What you are asked to do: Set down exactly the lines in the records below that run from the line with "Proper attire of" to the line with "Tekst sticker wie wil er voor altijd leven", inclusive, and nothing more.

(Beginning of Data for analysis)

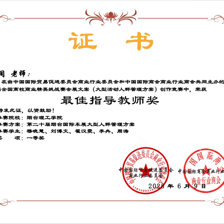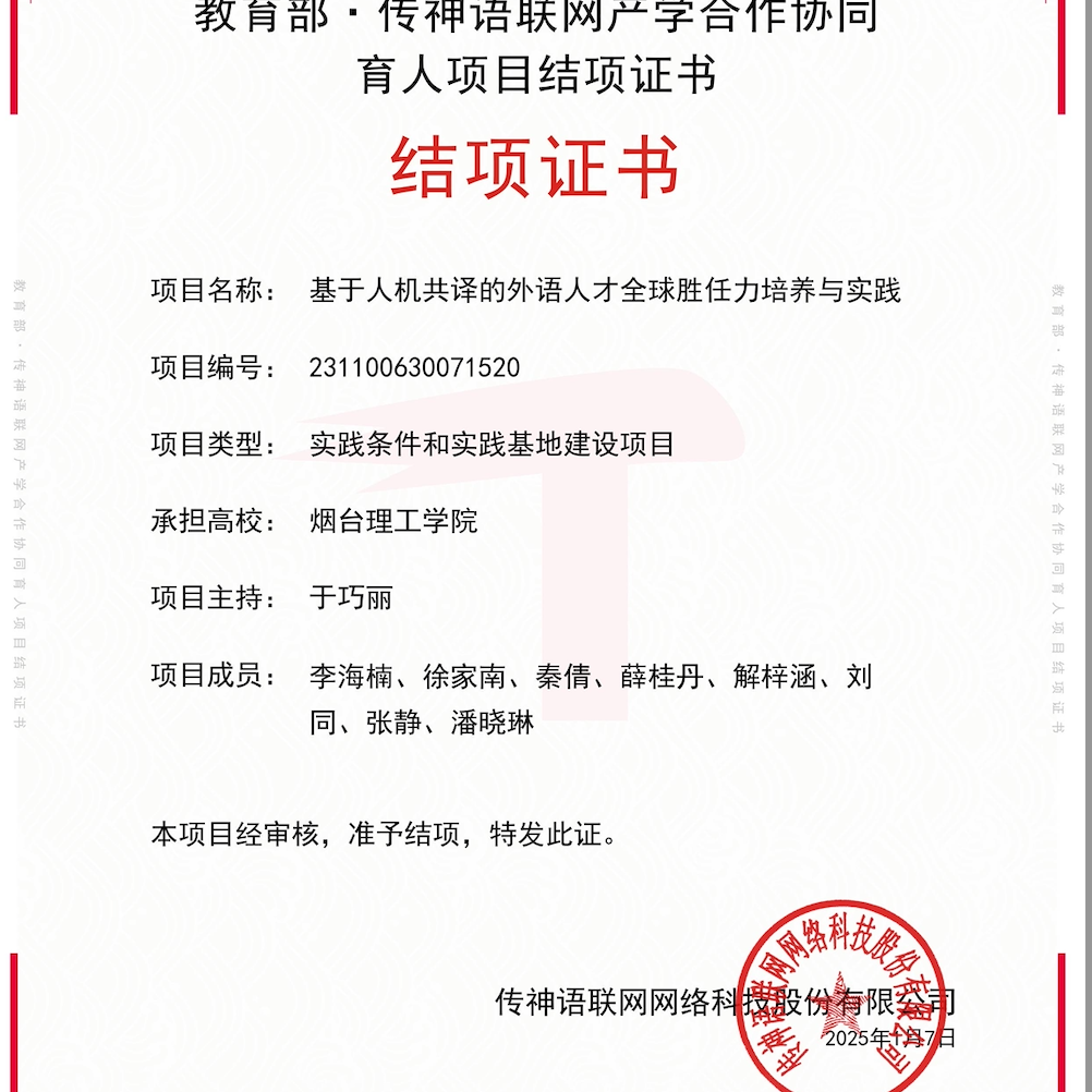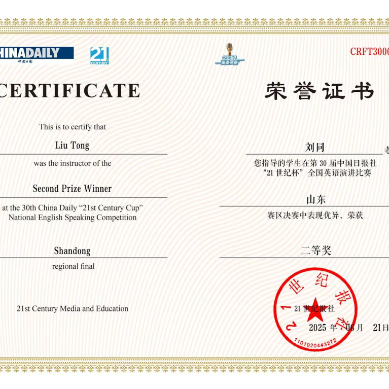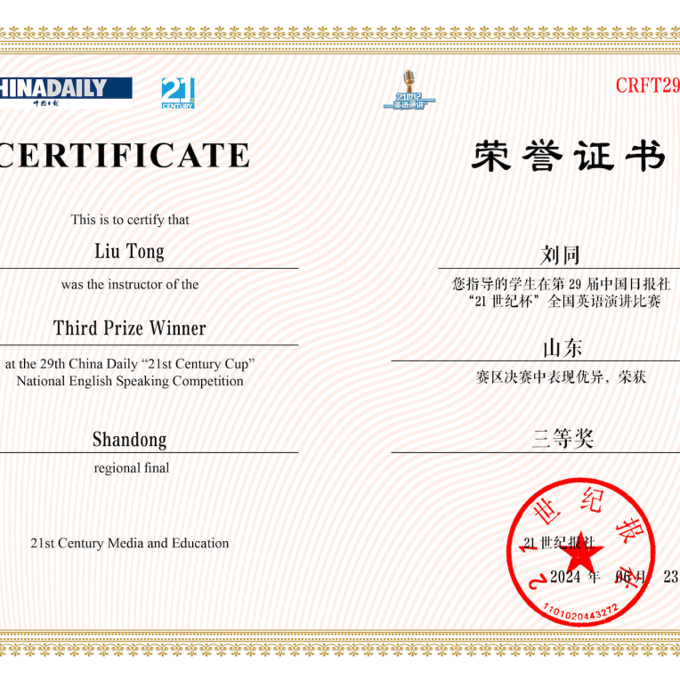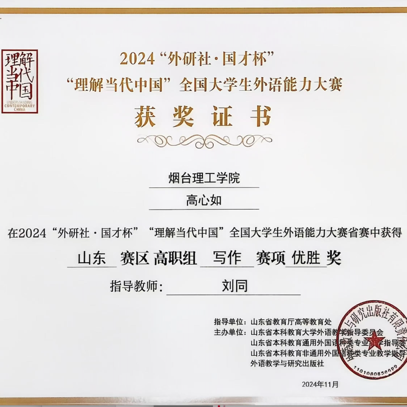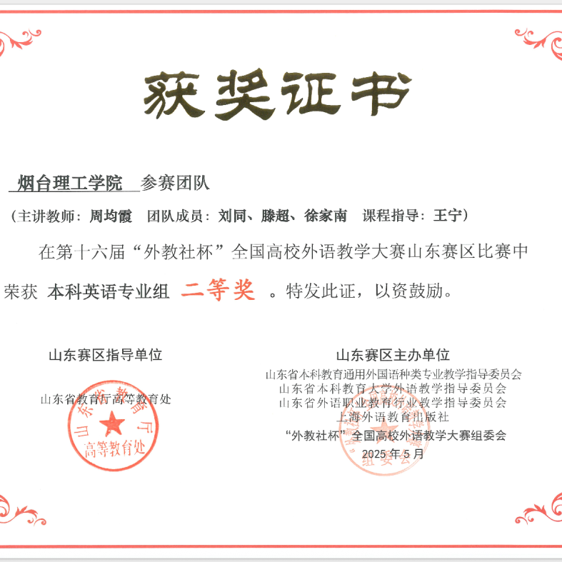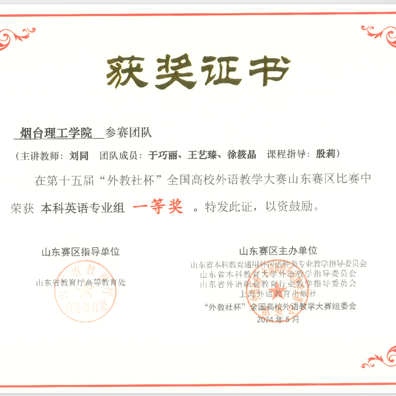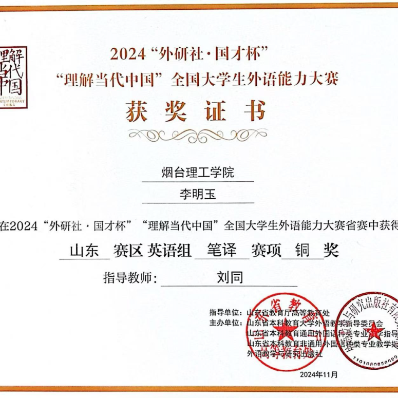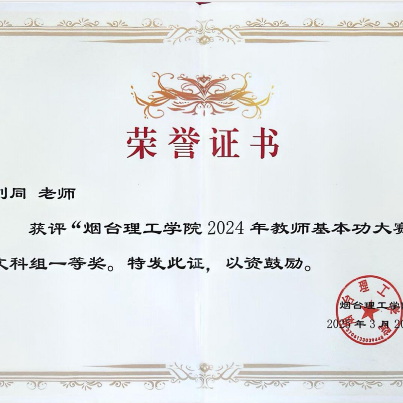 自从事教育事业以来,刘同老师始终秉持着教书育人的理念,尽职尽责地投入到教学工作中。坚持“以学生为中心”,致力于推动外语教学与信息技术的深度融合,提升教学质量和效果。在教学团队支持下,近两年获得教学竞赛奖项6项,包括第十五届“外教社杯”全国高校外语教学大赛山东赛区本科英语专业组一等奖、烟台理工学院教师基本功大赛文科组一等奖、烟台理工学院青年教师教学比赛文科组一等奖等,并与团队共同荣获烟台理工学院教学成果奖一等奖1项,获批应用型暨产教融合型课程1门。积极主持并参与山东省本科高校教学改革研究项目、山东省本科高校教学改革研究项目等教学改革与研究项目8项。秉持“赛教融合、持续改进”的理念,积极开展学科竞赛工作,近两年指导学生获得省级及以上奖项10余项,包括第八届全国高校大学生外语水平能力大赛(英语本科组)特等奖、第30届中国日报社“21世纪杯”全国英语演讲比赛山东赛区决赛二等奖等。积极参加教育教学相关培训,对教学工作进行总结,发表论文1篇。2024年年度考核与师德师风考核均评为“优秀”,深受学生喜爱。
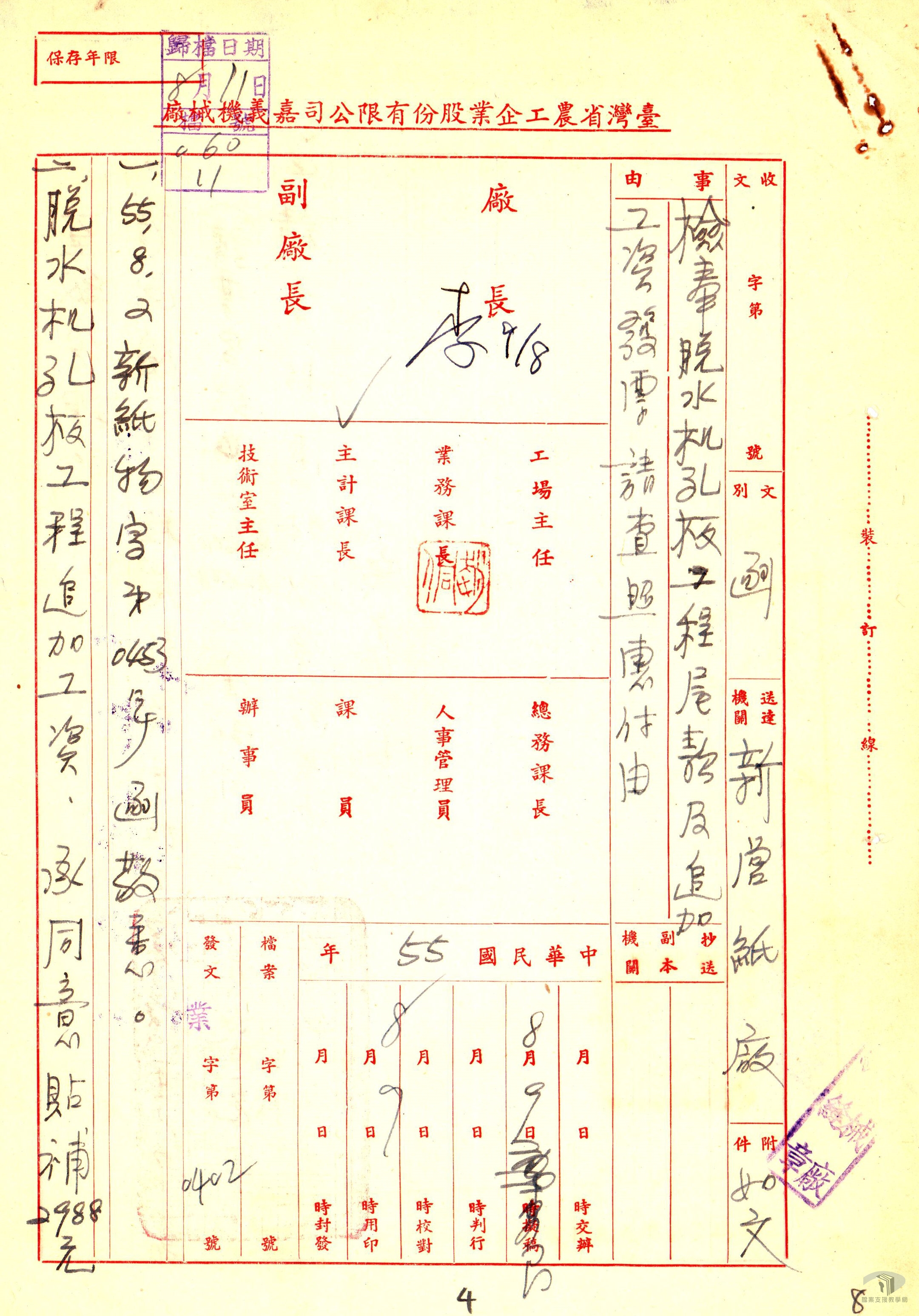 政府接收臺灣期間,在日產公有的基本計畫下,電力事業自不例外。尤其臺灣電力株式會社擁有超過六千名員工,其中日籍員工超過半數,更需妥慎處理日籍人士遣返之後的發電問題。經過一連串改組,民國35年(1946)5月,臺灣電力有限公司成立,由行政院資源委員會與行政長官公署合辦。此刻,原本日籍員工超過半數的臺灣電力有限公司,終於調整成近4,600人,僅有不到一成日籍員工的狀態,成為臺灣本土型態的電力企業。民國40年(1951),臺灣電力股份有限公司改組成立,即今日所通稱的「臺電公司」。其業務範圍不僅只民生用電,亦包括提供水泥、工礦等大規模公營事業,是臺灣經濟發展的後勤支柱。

(End of Data for analysis)
(Beginning of Data for analysis)

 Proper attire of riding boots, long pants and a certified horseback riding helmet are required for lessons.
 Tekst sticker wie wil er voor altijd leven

(End of Data for analysis)

Response to the task:
 Proper attire of riding boots, long pants and a certified horseback riding helmet are required for lessons.
 Tekst sticker wie wil er voor altijd leven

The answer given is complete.